I finished the race in 4 hours, 6 minutes, 37.76 seconds. That’s a 9:24/mile pace.
Last year, I did significantly better. But I’d also been healthy throughout my training cycle. A few weeks ago, my right hip started giving me issues and it was everything I could do just to get through the rest of training.
I did one 20-miler and tapered from there. I did 2-mile runs a couple times a week and a 12-mile and 10-mile long run in those two weeks. Had I been able to continue my training the way I would have liked to, I feel like the race could have gone a little bit better.
The first half was pretty solid. I went through the first loop around 1:45 (8:00/mile pace) but knew I’d started too fast. Unfortunately, in a marathon, if you start too fast and don’t slow down soon enough, it bites you in the you-know-where.
And it did.
I had told my friend a few weeks ago that I would stay with her and between miles 18-20, I noticed she was in the same kind of pain that I was so I hung back and by the end, she was the one keeping me going.
The issue that I was facing was that my legs had become so fatigued by mile 20, that my hips felt unsupported and unstable. Any wrong step and I could feel my hip twisting uncomfortably so walk breaks were necessary for me to be able to get through.
I’m not usually one to even walk through aid stations in half or full marathons that I’ve done because of the stopping and starting and the issues that causes, but the hills in the latter parts of the looped course made it difficult not to walk.
My nutrition was to take a Gu gel as close to every five miles as possible, depending on the spread of the aid stations. I also alternated between water and Gatorade, only skipping a couple aid stations in the late stages of the race (there was about a ½ mile left). My plan worked out fairly well but unfortunately my pace in the beginning was too much to overcome for the gels to really make much difference. I shudder to think how I would have felt without them.
Despite my poor experience this time around (I put most of the blame on myself), I highly recommend the Veteran’s Marathon for those attempting to qualify for Boston or want a close race for the first time.
The course features rolling hills which I like due to the different muscles used when going up or down hills as opposed to running on a flat surface the whole time.
Despite the relatively low numbers of participants, the half marathoners and marathoners run together for the first half so you’re never alone. There were still quite a few people to push me along in the later stages, even after I’d slowed down a lot and we pushed each other through various stages.

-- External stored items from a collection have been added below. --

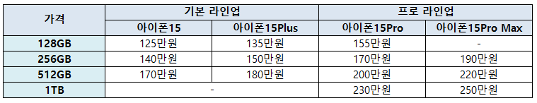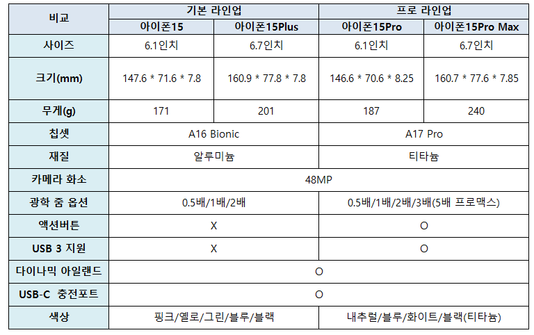이번에 출시된 아이폰15의 크기는 전작과 사이즈가 똑같습니다. 총 기본 라인업 2가지 아이폰 15와 아이폰 15 플러스, 그리고 프로 라인업으로 아이폰 15프로, 아이폰 15프로 맥스 이렇게 총 4가지로 출시되었습니다.
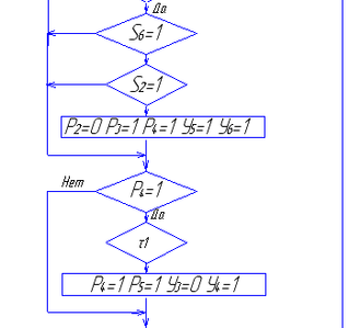Позиции графа помечены функциями (конъюнкциями) сигналов на исполнительные механизмы и органы индикации объекта управления, а переходы функциями (конъюнкциями) сигналов от датчиков и органов управления.
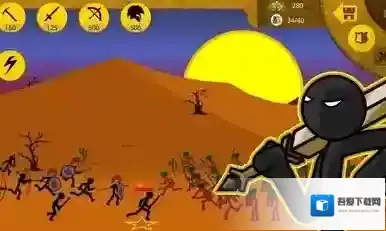 3、正式开始后点击左上角的按钮可以召唤不同的兵种,只有矿工可以采矿,采矿获得的黄金能召唤其他兵种。
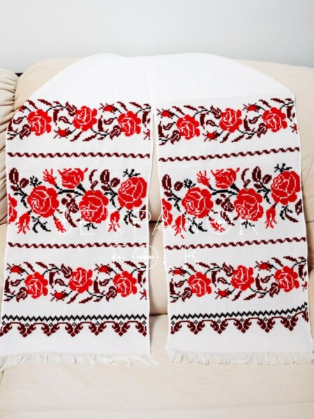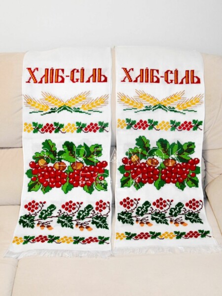 Виготовлений з натуральних матеріалів та вишитий вручну хрестиком, цей рушник має унікальний дизайн, який символізує красу української культури. Використовуючи його, ви додаєте урочистості та традиційності вашому святкуванню. Цей рушник додасть теплоти та колориту до будь-якого свята.
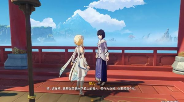 任务会让玩家与船上顾客对话来获取邀请函,不过大都是无用的对话干扰项,是游戏剧情的补充。如果大家不想浪费时间可以直接找到位于船头的秋歌。就是下图这位。
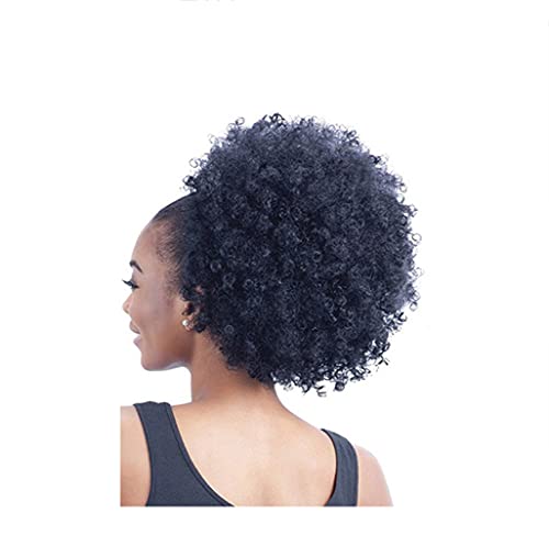10 Inch High Puff Afro Curly Wig Ponytail Drawstring Short Afro Kinky Pony Tail Clip In On Synthetic Kinky Curly Hair Bun 10inch color 1b
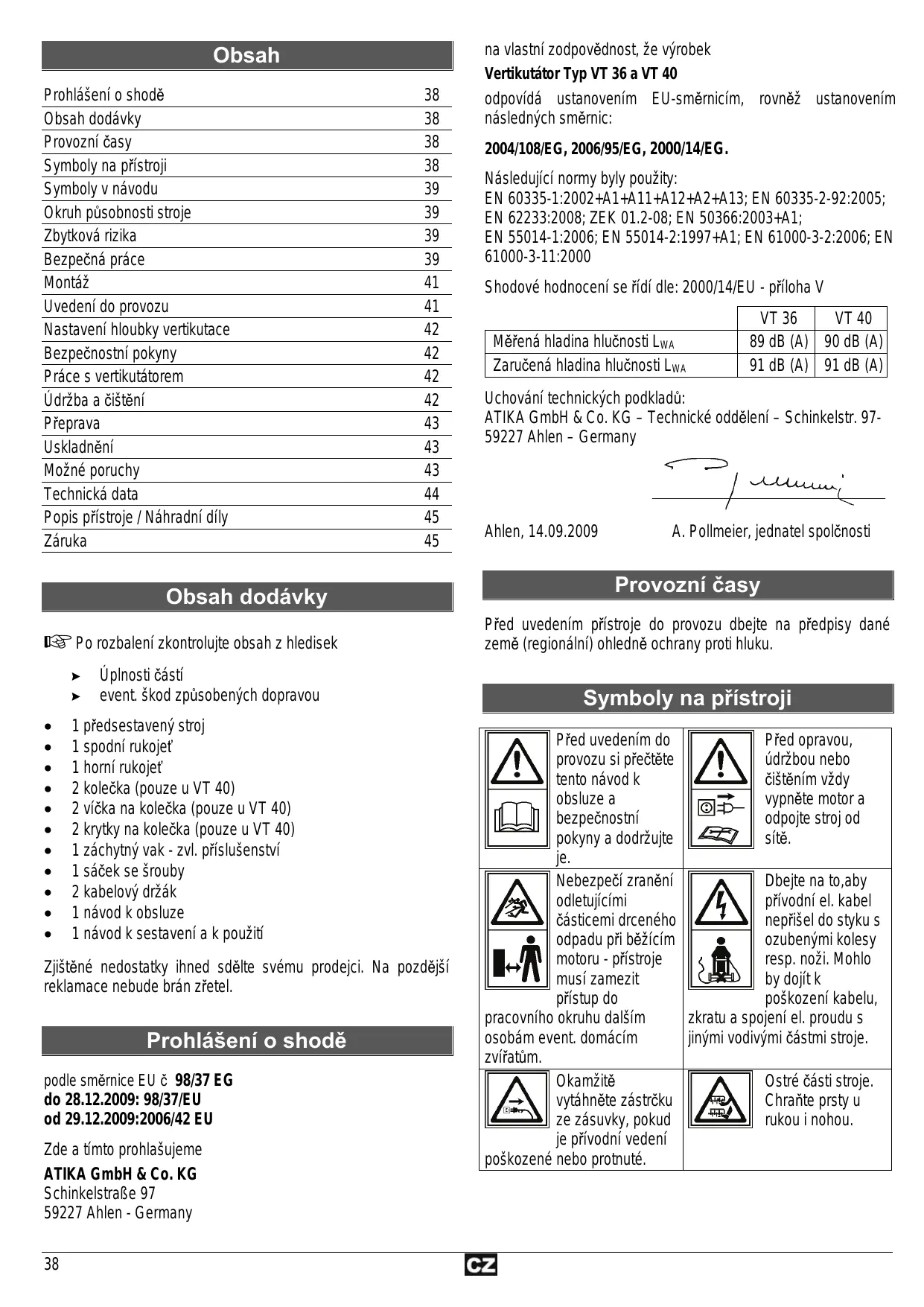 od 29.12.2009:2006/42 EU Zde a tímto prohlašujeme ATIKA GmbH & Co. KG Schinkelstraße 97 59227 Ahlen - Germany 38
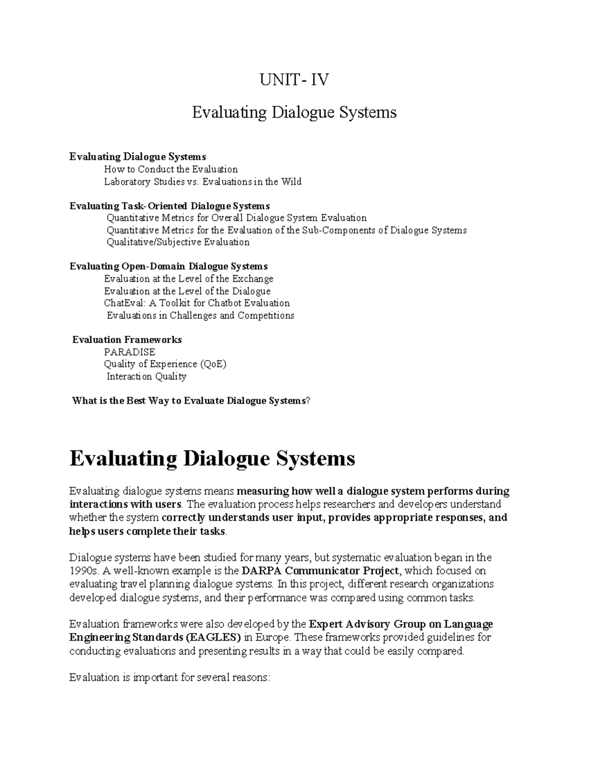 IV Evaluating Dialogue Systems: Methods and Metrics for Assessment ...
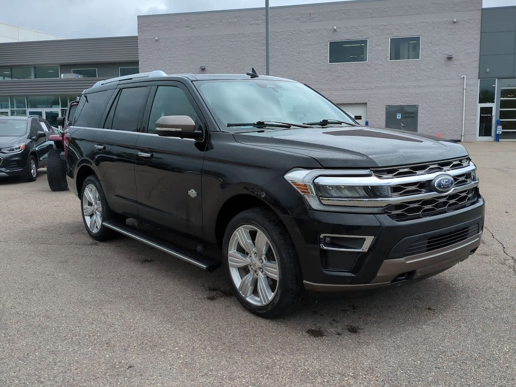 2022 Ford Expedition King Ranch Agate Black Metallic 4WD 22 Speakers, 3rd row seats: split-bench, Active Park Assist 2.0 Removal, Adaptive suspension, Air Conditioning, AM/FM radio: SiriusXM with 360L, Automatic temperature control, Equipment Group 400A Standard Package, Exterior Parking Camera Rear, Front dual zone A/C, Front fog lights, Fully automatic headlights, Heated front seats, Heated rear seats, Heated steering wheel, Heated/Ventilated Del Rio Lthr Fr Captains Chairs, Memory seat, Navigation system: Connected Navigation, Pedal memory, Power driver seat, Power Liftgate, Power moonroof, Power passenger seat, Radio: B&O Unleashed Sound System by Bang & Olufsen, Rear air conditioning, SiriusXM w/360L, Steering wheel mounted audio controls, SYNC 4 w/Enhanced Voice Recognition, Ventilated front seats, Wheels: 22 6-Spoke Polished Aluminum.

I am well aware of the risk I was taking even running any part of it with the nature of my injury. Had I not signed up for the race in January and committed all the time into training with two of my friends (it was their first), I would have dropped to the half or 5-kilometer race.
The recovery process, for me, involved walking around on Sunday to keep the legs moving. On Saturday through Monday, I wore knee-high compression socks which helped with my lower legs immensely by stimulating blood flow to the area.
I am taking ibuprofen to keep inflammation to a minimum in my hips (both of them are pretty tender) and probably everywhere else, too.
I intend to take a week completely off and then start back very slowly with maybe a slow mile or a walk or bike ride and additional strengthening exercises and cross training to ensure my hip heals properly.
Next up: Boston
I found a Boston Marathon-specific training plan from Hal Higdon that I intend to start in late January. It’s a 12-week plan that requires a solid base which I intend to start building back some time mid-December, condition depending.